Some theoretical observations about the transformation $w$. Euclidean transformations of $\RR^3$ fall into eight classes: The orientation preserving ones (which occur for $m$ even) are the identity, rotation, translation and screw displacement. The orientation reversing ones (which occur for $m$ odd) are reflection, glide reflection, improper rotation and inversion in a point.
Assume that $i_j \neq i_{j+1}$ for all $j$ (including that $i_m \neq i_1$), as would be the case for any true reflection path, and assume that $m \geq 2$. Then I claim that $w$ cannot be the identity, a translation, a reflection, a glide reflection, or inversion in a point.
Consider the integer matrix $W:=3^m w = \prod_{j=m}^1 (3 + (2 \delta - 8 e_{i_j}) e_{i_j}^T)$.
So $W \equiv \prod_{j=m}^1 ((e_{i_j}-\delta) e_{i_j}^T) \bmod 3$.
Writing this out, it is $(e_{i_m} - \delta) e_{i_m}^T \cdots (e_{i_2} - \delta) e_{i_2}^T (e_{i_1} - \delta) e_{i_1}^T$. Now, since $i_j \neq i_{j+1}$, we have $e_{i_{j+1}}^T (e_{i_j} - \delta) = (-1)$,
$$W \equiv (-1)^{m-1} (e_{i_m} - \delta) e_{i_1}^T \bmod 3$$
and thus $\text{Tr}(W) \equiv (-1)^m \bmod 3$ (using that $i_1 \neq i_m$). So the trace of $W$ is an integer not divisible by $3$, and thus the trace of $w$ is not an integer. This rules out the identity, a translation, a reflection, a glide reflection, or inversion, whose traces are $4$, $4$, $2$, $2$, $-2$ respectively. (We also rule out rotations and glide rotations with angle $180^{\circ}$, whose trace is $0$.)
In particular, this means that there are no closed paths of odd length, since $w$ must be an improper rotation in that case, and those do not have a line which is mapped to itself by translation.

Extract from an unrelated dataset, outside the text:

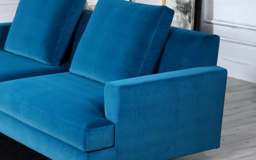 Η βάση του καναπέ αποτελείται από μασίφ ξύλο μεγάλης αντοχής και επενδύεται από αφρώδη υλικά διαφορετικής πυκνότητας. Στην γωνία η ξύλινη μπάζα συνίσταται από καπλαμά δρυός ενώ στον καναπέ είναι επενδυμένη όλη με ύφασμα. Τα μεταλλικά πόδια είναι από μασίφ χυτό αλουμίνιο με βαφή ηλεκτροστατική. Υπάρχει ένα επιπλέον πόδι με ρέγουλο στο κέντρο των μεγάλων διαστάσεων για καλύτερη στήριξη. Τα μαξιλάρια καθίσματος είναι κατασκευασμένα από λάστιχο μεγάλης αντοχής τα οποία επενδύονται με βάτα και φόδρα. Τα μαξιλάρια της πλάτης κατασκευάζονται από πούπου- λο χήνας και πολυεστέρα χωρισμένο σε κυψέλες. Στην γωνία τα υφασμάτινα καλύμματα της βάσης είναι σταθερά, ενώ στον καναπέ είναι αφαιρούμενα. Τα καλύμματα των μαξιλαριών και στις δύο εκδοχές είναι αφαιρούμενα.

When $m$ is even, our options are a rotation or a screw displacement. We can distinguish them according to the Jordan forms of $w$ on the generalized $1$-eigenspace: A rotation corresponds to $\left[ \begin{smallmatrix} 1&0 \\ 0&1 \end{smallmatrix} \right]$ and a screw displacement corresponds to $\left[ \begin{smallmatrix} 1&1 \\ 0&1 \end{smallmatrix} \right]$. There doesn't seem to be any simple characterization of when we get which one, although screw displacements appear to be more common. The screw displacement has a line which is mapped to itself by translation; the rotation doesn't.
One final observation: The dihedral angles of the tetrahedron are
$\cos^{-1} (1/3) \approx 0.39 \pi > \pi/3$. So no closed path can contain a sequence of four bounces that only hit two walls. Combined with the fact that we should never use the same wall twice in a row, we should be able to cut down the search space to something tractable.